** Opening Input data block **
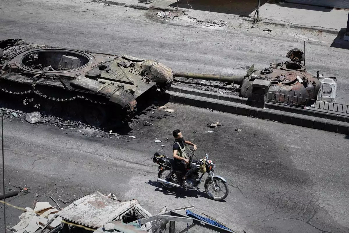A Druze militiaman rides his motorcycle past a destroyed military vehicle following last week's sectarian clashes in the Druze-majority town of Sweida, Syria, Friday, July 25, 2025. (AP Photo/Omar Sanadiki)
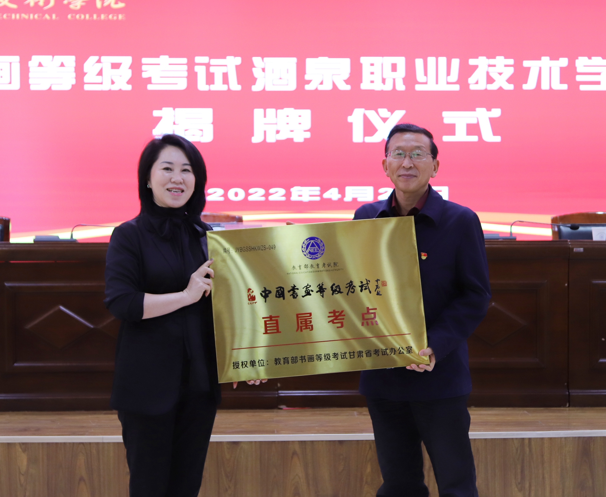 为深入贯彻全国职业教育大会精神,全面落实习近平总书记关于职业教育的重要指示批示精神,坚持正确办学方向,落实立德树人根本任务,深化职业教育改革,加快构建现代职业教育体系,弘扬中华美育精神,传承中华优秀传统文化,提高人才培养质量。4月29日上午10:00,教育部书画等级考试直属考点揭牌仪式在图书馆会议室举行。共青团酒泉市委书记阿力腾花,教育部书画等级考试甘肃省河西考区考试办公室主任李维维、执行主任尹葆芹,学校党委书记、校长易志军出席并参加仪式,仪式由学校党委副书记许军主持。
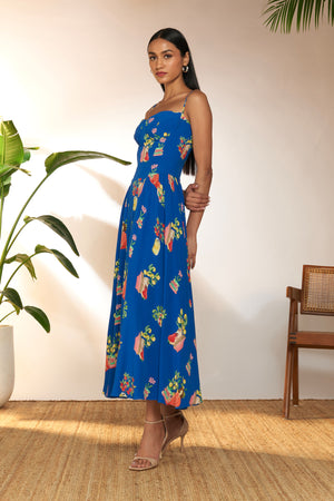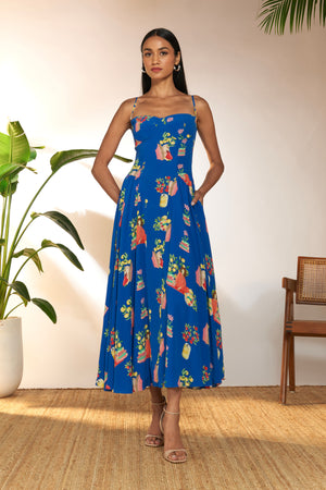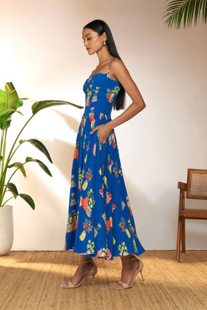 Details: Blue Tangy Tango Corset Dress - Full length dress | Gathered side panels | Corset bodice | Adjustable strap | Centre back zipper closure
** Closing Input data block **
Exercise details — Print each line of the listing exactly and include no pictures.

Result for this task —
A Druze militiaman rides his motorcycle past a destroyed military vehicle following last week's sectarian clashes in the Druze-majority town of Sweida, Syria, Friday, July 25, 2025. (AP Photo/Omar Sanadiki)
 为深入贯彻全国职业教育大会精神,全面落实习近平总书记关于职业教育的重要指示批示精神,坚持正确办学方向,落实立德树人根本任务,深化职业教育改革,加快构建现代职业教育体系,弘扬中华美育精神,传承中华优秀传统文化,提高人才培养质量。4月29日上午10:00,教育部书画等级考试直属考点揭牌仪式在图书馆会议室举行。共青团酒泉市委书记阿力腾花,教育部书画等级考试甘肃省河西考区考试办公室主任李维维、执行主任尹葆芹,学校党委书记、校长易志军出席并参加仪式,仪式由学校党委副书记许军主持。
 Details: Blue Tangy Tango Corset Dress - Full length dress | Gathered side panels | Corset bodice | Adjustable strap | Centre back zipper closure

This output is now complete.